#### WHAT THE TASK ASKS:
Output range, inclusive: from the line containing "(1) 정격토출량(설계수량)의 150%를" to the line containing "De soepele rotatie". Restate those lines from the data below word for word and only those.

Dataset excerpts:
□ □ □ □ □ □ □
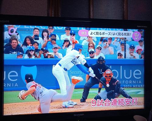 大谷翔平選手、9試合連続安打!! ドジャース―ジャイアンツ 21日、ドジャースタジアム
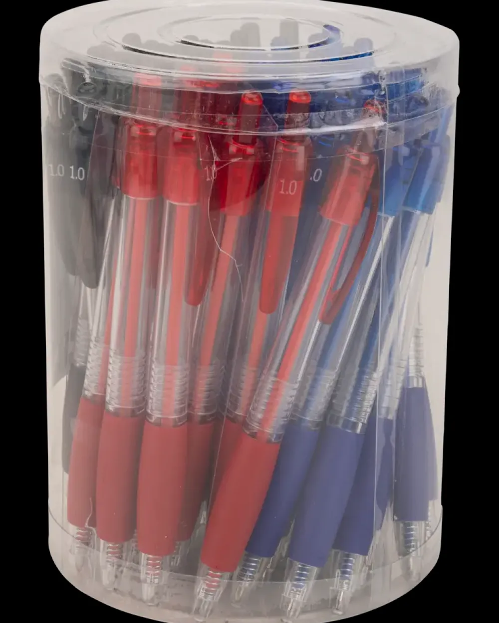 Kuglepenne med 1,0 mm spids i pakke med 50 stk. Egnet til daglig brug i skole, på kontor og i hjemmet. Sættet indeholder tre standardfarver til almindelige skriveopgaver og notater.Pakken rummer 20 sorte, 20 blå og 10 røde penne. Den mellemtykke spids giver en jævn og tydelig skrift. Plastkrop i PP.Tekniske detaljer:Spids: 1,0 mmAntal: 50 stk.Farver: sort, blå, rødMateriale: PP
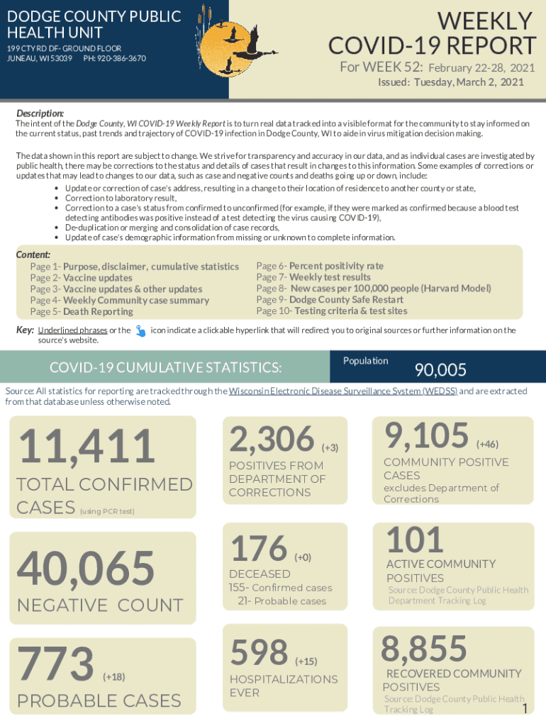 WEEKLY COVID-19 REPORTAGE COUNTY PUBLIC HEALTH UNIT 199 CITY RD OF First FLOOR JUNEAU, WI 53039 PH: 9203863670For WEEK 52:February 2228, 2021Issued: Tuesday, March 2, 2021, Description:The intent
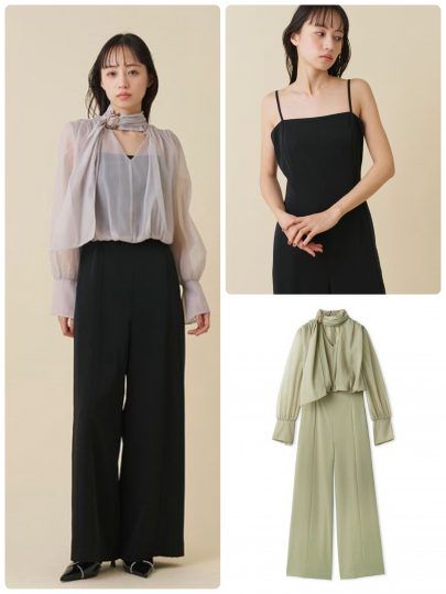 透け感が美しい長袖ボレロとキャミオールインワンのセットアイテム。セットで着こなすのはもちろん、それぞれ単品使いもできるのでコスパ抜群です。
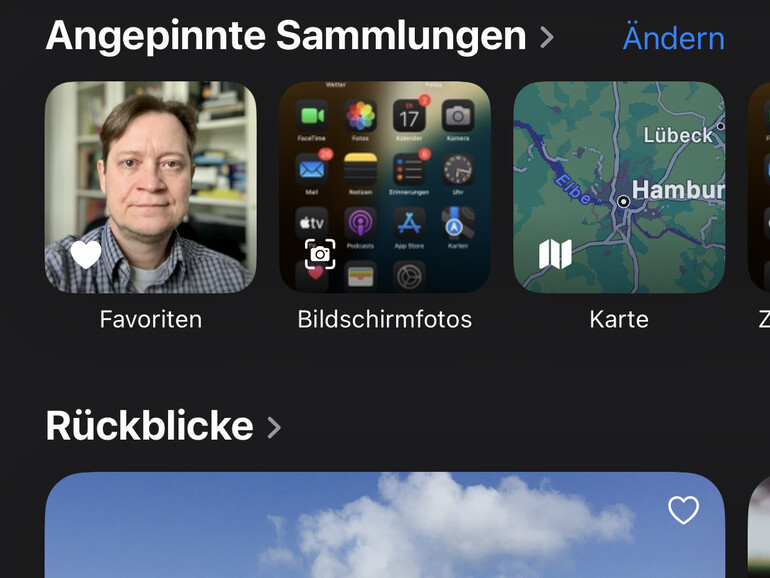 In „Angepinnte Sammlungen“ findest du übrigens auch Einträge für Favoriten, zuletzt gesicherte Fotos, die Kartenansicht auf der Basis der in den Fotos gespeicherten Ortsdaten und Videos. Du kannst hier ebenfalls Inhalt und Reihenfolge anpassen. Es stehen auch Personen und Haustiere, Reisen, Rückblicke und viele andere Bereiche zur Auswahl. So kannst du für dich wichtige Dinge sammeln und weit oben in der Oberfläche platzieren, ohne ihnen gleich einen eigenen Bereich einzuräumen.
□ □ □ □ □ □ □
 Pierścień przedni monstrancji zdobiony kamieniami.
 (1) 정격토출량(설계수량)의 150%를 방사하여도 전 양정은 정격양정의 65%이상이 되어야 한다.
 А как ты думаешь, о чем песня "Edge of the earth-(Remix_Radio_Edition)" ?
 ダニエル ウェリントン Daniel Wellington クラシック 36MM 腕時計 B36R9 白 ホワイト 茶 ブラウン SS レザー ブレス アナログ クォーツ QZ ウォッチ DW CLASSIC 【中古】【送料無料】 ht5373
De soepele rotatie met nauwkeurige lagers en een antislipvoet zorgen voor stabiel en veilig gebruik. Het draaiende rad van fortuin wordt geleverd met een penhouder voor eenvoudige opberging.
□ □ □ □ □ □ □
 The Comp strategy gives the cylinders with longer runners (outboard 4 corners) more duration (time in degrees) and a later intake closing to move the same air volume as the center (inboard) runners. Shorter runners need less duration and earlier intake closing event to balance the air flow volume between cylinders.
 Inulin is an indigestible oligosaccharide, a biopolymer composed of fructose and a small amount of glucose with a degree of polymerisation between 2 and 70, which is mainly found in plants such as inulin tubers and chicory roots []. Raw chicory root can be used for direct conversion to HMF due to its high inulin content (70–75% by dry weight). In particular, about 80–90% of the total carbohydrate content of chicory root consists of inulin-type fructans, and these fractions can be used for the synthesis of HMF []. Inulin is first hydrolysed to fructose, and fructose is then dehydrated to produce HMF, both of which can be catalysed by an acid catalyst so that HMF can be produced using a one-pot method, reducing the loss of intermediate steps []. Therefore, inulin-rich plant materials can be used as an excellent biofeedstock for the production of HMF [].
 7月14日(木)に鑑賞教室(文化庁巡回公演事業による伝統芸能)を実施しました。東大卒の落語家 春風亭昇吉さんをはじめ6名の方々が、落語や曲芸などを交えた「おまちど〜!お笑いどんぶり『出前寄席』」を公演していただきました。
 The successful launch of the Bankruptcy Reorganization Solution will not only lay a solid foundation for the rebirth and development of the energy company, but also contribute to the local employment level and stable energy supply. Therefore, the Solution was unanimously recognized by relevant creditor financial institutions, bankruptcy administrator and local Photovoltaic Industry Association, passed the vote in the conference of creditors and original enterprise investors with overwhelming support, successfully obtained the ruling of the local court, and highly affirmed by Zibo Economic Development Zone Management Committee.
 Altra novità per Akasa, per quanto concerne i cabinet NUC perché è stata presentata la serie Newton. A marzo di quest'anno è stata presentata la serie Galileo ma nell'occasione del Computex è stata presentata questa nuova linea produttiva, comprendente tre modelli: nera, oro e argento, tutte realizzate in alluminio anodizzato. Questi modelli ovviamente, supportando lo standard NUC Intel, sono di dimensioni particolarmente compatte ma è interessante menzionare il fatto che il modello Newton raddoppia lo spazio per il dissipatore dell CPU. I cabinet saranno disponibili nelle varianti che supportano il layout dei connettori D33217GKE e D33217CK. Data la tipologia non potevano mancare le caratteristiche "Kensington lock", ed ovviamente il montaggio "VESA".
□ □ □ □ □ □ □
#### TASK SOLUTION:
 (1) 정격토출량(설계수량)의 150%를 방사하여도 전 양정은 정격양정의 65%이상이 되어야 한다.
 А как ты думаешь, о чем песня "Edge of the earth-(Remix_Radio_Edition)" ?
 ダニエル ウェリントン Daniel Wellington クラシック 36MM 腕時計 B36R9 白 ホワイト 茶 ブラウン SS レザー ブレス アナログ クォーツ QZ ウォッチ DW CLASSIC 【中古】【送料無料】 ht5373
De soepele rotatie met nauwkeurige lagers en een antislipvoet zorgen voor stabiel en veilig gebruik. Het draaiende rad van fortuin wordt geleverd met een penhouder voor eenvoudige opberging.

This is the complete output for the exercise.